Oh fuck, I’m gone for this girl.

And she’s looking at me the same way over the roof of her low sports car. A car I wouldn’t be able to give her in a million years. She’s flushed, outrageously gorgeous, her blue eyes naked with yearning. I’ve got to be reflecting it right back at her. There is no way to hide something this strong. I’m already moving in her direction, faster than before, starved for the sight of her up close. When I round the hood and see she’s wearing a short, white skirt and a black, tucked-in top that molds to her tits, all of the blood in my brain travels south.

“Hi,” she breathes, taking a single step in my direction.

Whatever expression she sees on my face makes Grace drop her purse. She throws her arms around my neck and I catch her up in a bear hug, lifting her straight off the ground. I can’t help it—I groan brokenly at the feel of her body, the cherry cola scent that rushes straight to my head. My groin. I haven’t felt whole since Friday night when I drove away from her house, I realize. This is whole. When she’s in my arms.

“God, Gracie. How did I miss you so much?”

She rolls her forehead against mine, her breath coming out in a stuttered pattern. “I missed you, too. I don’t know how I made it through yesterday.”

Her honesty is the knockout blow to my self-control and I kiss her hungrily, tasting that initial gasp on her tongue, memorizing the way she gathers the collar of my one nice shirt in her hands, slanting right and opening her lips for me. Letting my tongue slide in deep, deep, everything moving in slow motion, the earth allowing me to get a hit of my drug. Our tongues wind together and pull, a sense of possessiveness powering through me. Oh yeah. Mine. We start easy, taking our time, but soon we’re messy and frantic, my right hand molded to her ass through that short fucking skirt, holding her tight to my lap.
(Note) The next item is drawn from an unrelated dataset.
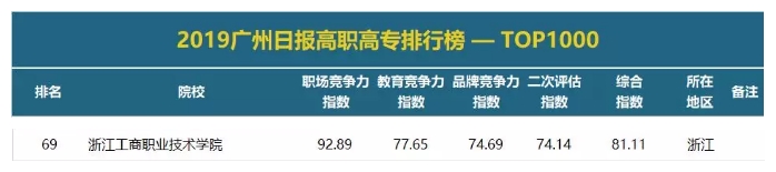 本次排行榜的发布旨在助力培育精益求精的“工匠精神”,打造高职高专评价体系的中国标准。其中“2019广州日报高职高专排行榜—TOP1000”通过对1400所院校的职场竞争力、教育竞争力、品牌竞争力和二次评估指数进行科学评价,得出综合指数,根据综合指数高低确定前1000强院校名单。我校位列第69名,在浙江省同类院校中排行第10名。

The kiss has a lot to do with sex. There’s no doubt of that.

Before the day is over, we’re going to end up naked.

Grace isn’t leaving Southie a virgin. There’s just no way an attraction like this can go unsatisfied. It’s not typical. It’s not normal. It’s demanding and raw and vital and vicious.

This attraction hurts.

There’s more than sex inspiring the desperate movements of our mouths, though. It’s almost like this is our new method of breathing. I’m not sure how life was possible before now. How I got up out of bed every day without being able to kiss Grace. And the way her heart slams up against mine? Those broken sounds coming from her throat? They tell me that by some miracle, she feels this way, too. Jesus, it’s a miracle.

I have no idea what we’re going to do about it.

We’re from different worlds.

But for today, I just want to forget all about the differences in our economic statuses and be with her. Soak up every blissful second I’m given.

I back Grace against the car and she moans, starting to wrap her legs around my hips—and that’s when I know I have to break the kiss or risk plowing her in broad daylight, right here up against this fancy Porsche. Calling on every ounce of my will, I take my tongue out of her perfect mouth and press her face into my neck, stroking a hand down the back of her hair. “Damn, Gracie.” I gather her up to me as tightly as possible. “How long do I have you for?”

“Until tonight.” She lays her cheek on my chest. “I usually have an early dinner with my father at the club on Sundays, but I told him I needed to do some research at the library for an extra-credit assignment. He gets home around eight and I should try and be home by then.”

“Eight,” I repeat, unable to believe my luck. “That’s almost the whole day.”

She stiffens slightly. “I…I mean, I don’t have to stay the whole time. I just thought—”

“I want every second.” I tip her chin up, surprised to find her looking a little self-conscious. How the hell is that even possible? “Hey. Whoa. There are no doubts here between us. If you can give me time, please give me the time. I want it so fucking bad. Every minute you can spare me. You doubt that?”